Shenlei discussed how the fashion industry is fairly unique in that it is a >$trillion industry yet has avoided heavy computerization. At FIT they are exploring using OpenSim to replace the traditional workflow where a designer comes up with a design, which is sent to a factory in another country where a prototype run is made and shipped back for evaluation, and this is repeated as the design is refined. With the 3D Web they can do this iterative process in a virtual world, cutting time, cost, and environmental impact. She stated how one of the important developments would be cloth simulation so designers can see the difference of how different fabrics drape and flow. Justin showed some impressive demonstrations of cloth physics simulations that were computationally intensive (~6 minutes per frame on a small cluster, much more HPC power will be needed for real-time cloth physics in virtual worlds).

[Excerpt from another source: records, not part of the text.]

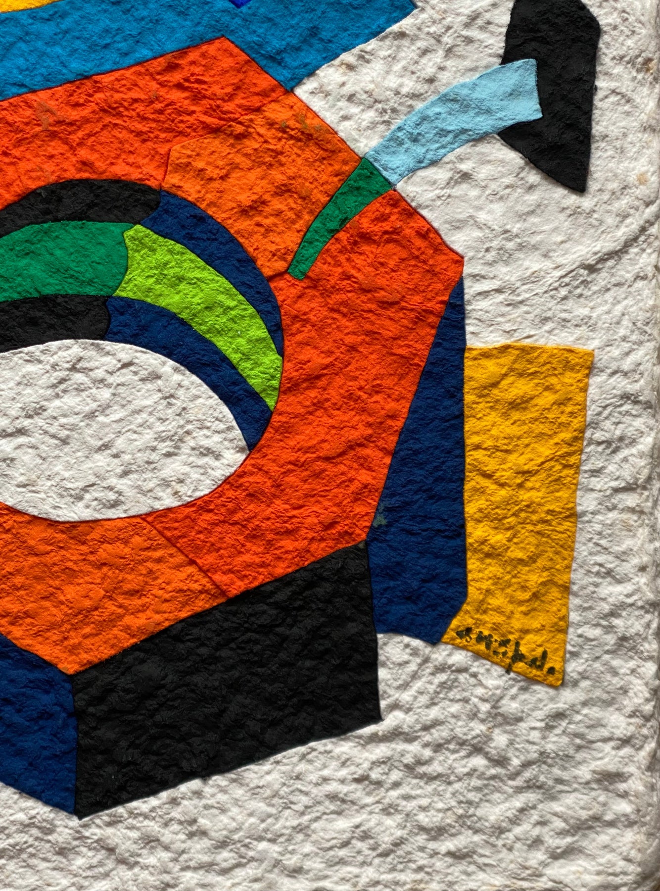 Opera unica di grande qualità del maestro Ugo Nespolo, soft painting su carta pressata, con autentica firmata di pugno dall’artista.
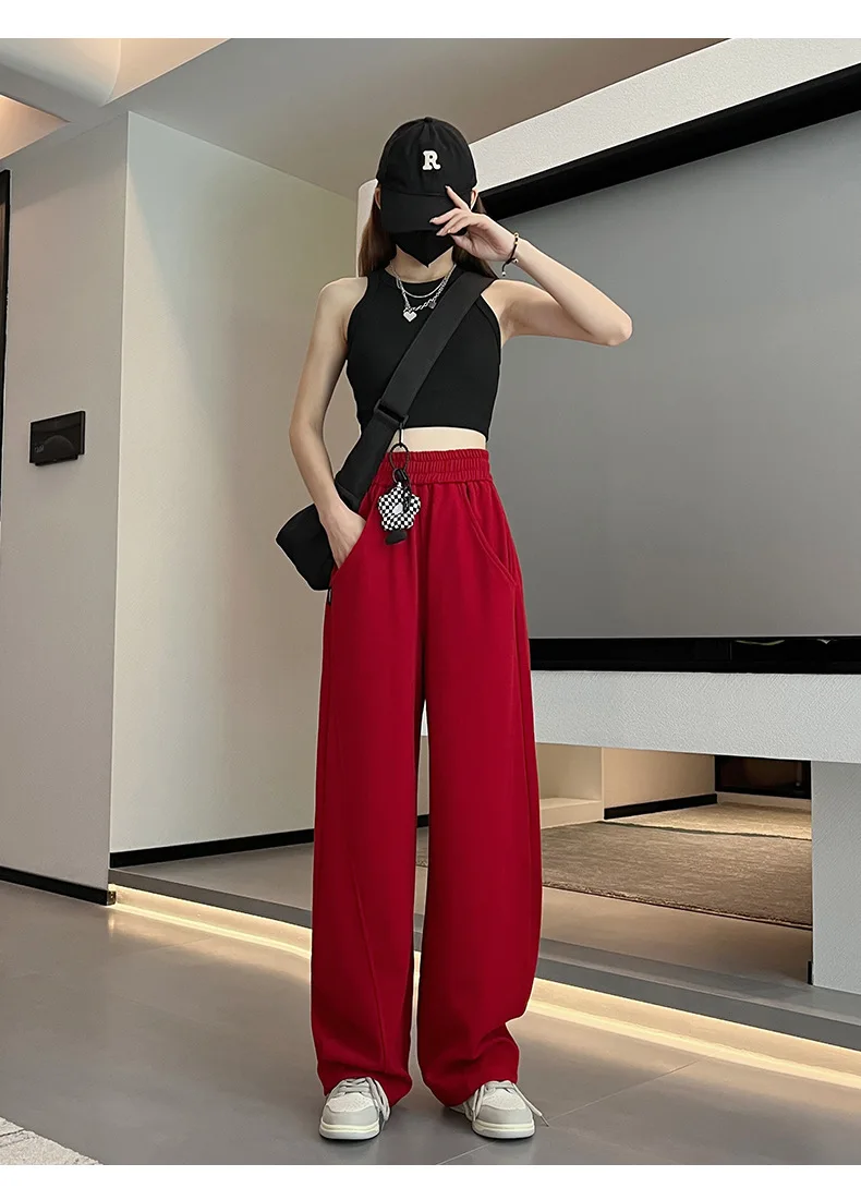 American fashion mop pants High Street Spicy Girls wide leg pants Women's casual sports pants Women's high waist jogging pants
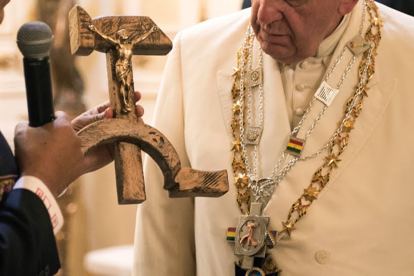 Le prêtre jésuite Xavier Albó est le propriétaire de l’étrange croix avec la faucille et le marteau dont une réplique a été donnée au Pape François mercredi par le président Morales. La croix originale, qu’ Albó possède, il en a héritée du père Espinal et elle renferme une profonde histoire personnelle.
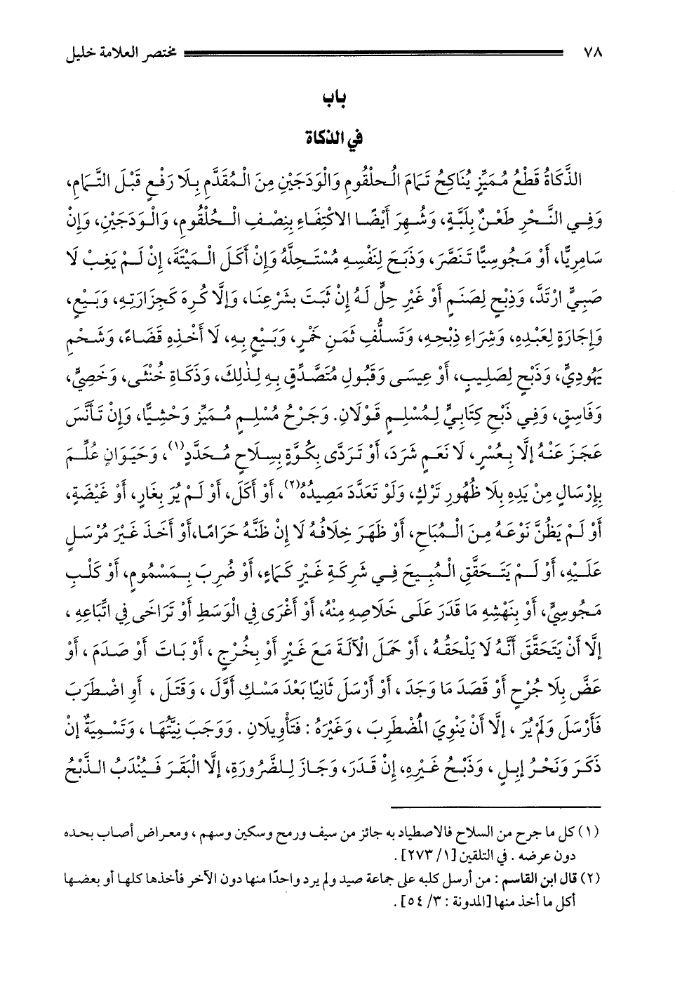 الذكاة قطع مميز يناكح تَمَامُ الْحُلْقُومِ وَالْوَدَجَيْنِ مِنْ الْمُقَدَّمِ بِلَا رَفْعٍ قبل التمام وفي النحر طعن بلبة وشهر أيضا الاكتفاء بنصف الحلقوم والودجين وإن سامريا أو مجوسيا تنصر وذبح لنفسه مستحله وإن أكل الميتة إن لم يغب لا صبي ارتد وذبح لصنم أَوْ غَيْرُ حِلٍّ لَهُ إنْ ثَبَتَ بِشَرْعِنَا وإلا كره كجزارته وبيع وإجارة لعبده وشراء ذبحه وتسلف ثمن خمر وبيع به لا أخذه قضاء وشحم يهودي وذبح لصليب أو عيسى وقبول متصدق به لذلك وذكاة خنثى وخصي وفاسق وفي ذبح كتابي لمسلم قولان وجرح مسلم مميز وحشيا وإن تأنس عجز عنه إلا بعسر لا نعم شرد أو تردى بكوة بسلاح محدد1 وحيوان علم بإرسال من يده بلا ظهور ترك ولو تعدد مصيده2 أو أكل أو لم ير بغار أو غيضة أو لم يظن نوعه من المباح أو ظهر خلافه لا إن ظنه حراما أو أخذ غير مرسل عليه أَوْ لَمْ يَتَحَقَّقْ الْمُبِيحُ فِي شَرِكَةِ غَيْرٍ كماء أو ضرب بمسموم أو كلب مجوسي أَوْ بِنَهْشِهِ مَا قَدَرَ عَلَى خَلَاصِهِ مِنْهُ أو أغرى في الوسط أَوْ تَرَاخَى فِي اتِّبَاعِهِ إلَّا أَنْ يَتَحَقَّقَ أنه لا يلحقه أَوْ حَمَلَ الْآلَةَ مَعَ غَيْرٍ أَوْ بِخُرْجٍ أو بات أو صدم أو عض بلا جرح أو قصد ما وجد أَوْ أَرْسَلَ ثَانِيًا بَعْدَ مَسْكِ أَوَّلٍ وَقَتَلَ أو اضطرب فأرسل ولم ير إلا أن ينوي المضطرب وغيره: فتأويلان ووجب نيتها وتسمية إن ذكر ونحر إبل وذبح غيره إن قدر وجاز للضرورة إلا البقر فيندب الذبح
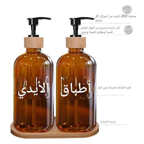 - موزع الصابون للحمام مصنوع من الزجاج، مقترن بصينية خشبية، مقاوم للصدأ، قابل لإعادة التعبئة ومتين.
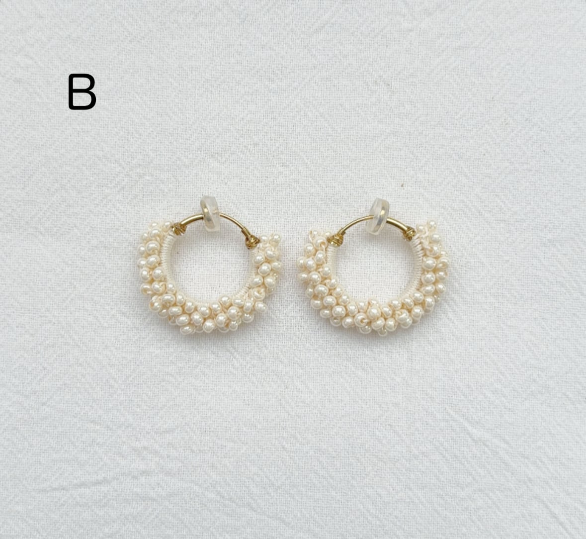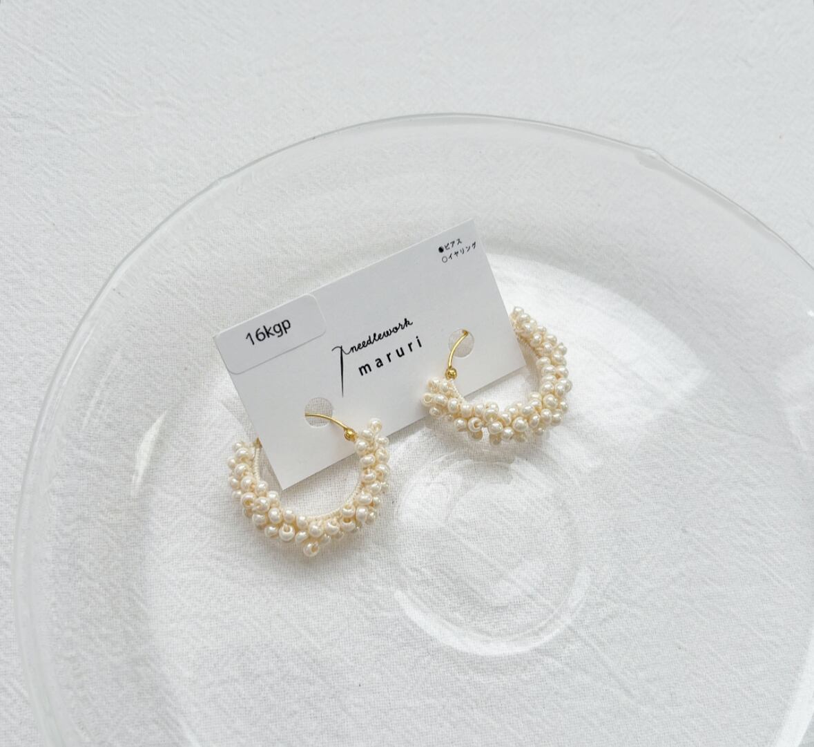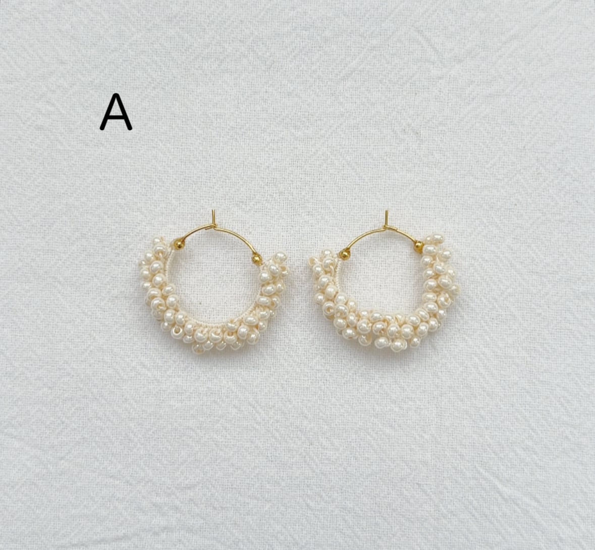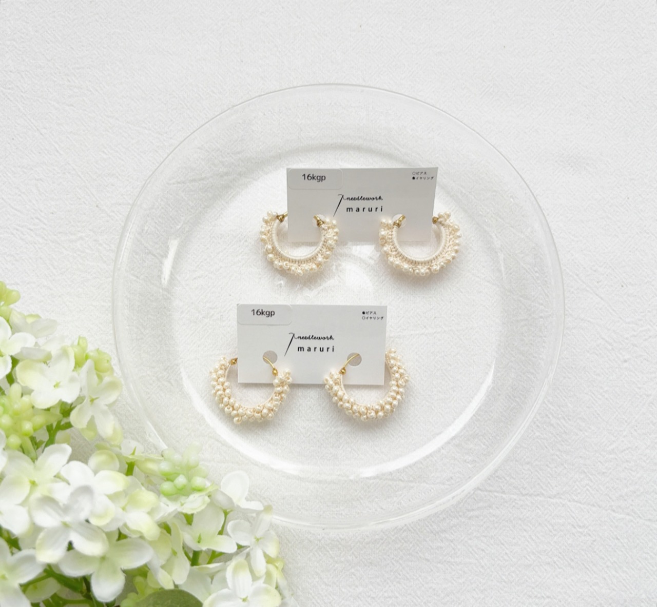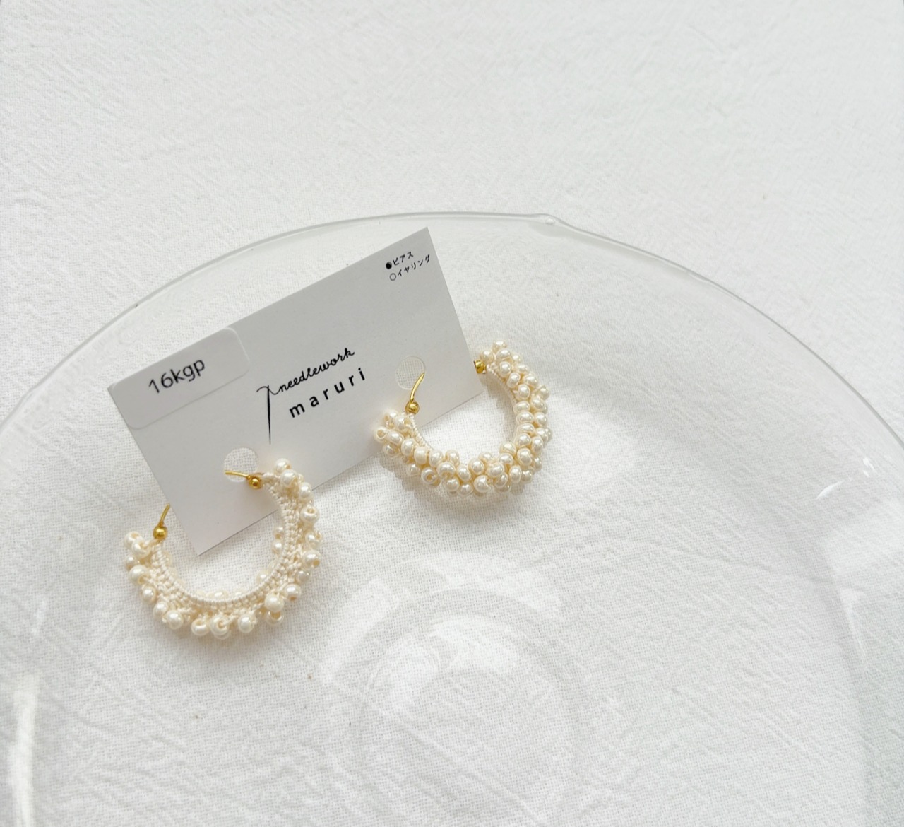 レース糸でビーズを編み込んで作られたフープピアス&イヤリングです。

Justin wrapped things up with a demonstration of a system with an Intel "larrabee" coprocessor. Matrix mathematics was offloaded to this coprocessor, achieving 1 teraflop on a single over-clocked chip. Supposedly this is the first 1 teraflop performance achieved with a single chip. Programming tools also need to improve to take advantage of this type of architecture, and Ct was discussed. Ct is a high-throughput C++ based language that takes some of the effort for programming this type of architecture off the shoulders of the programmer.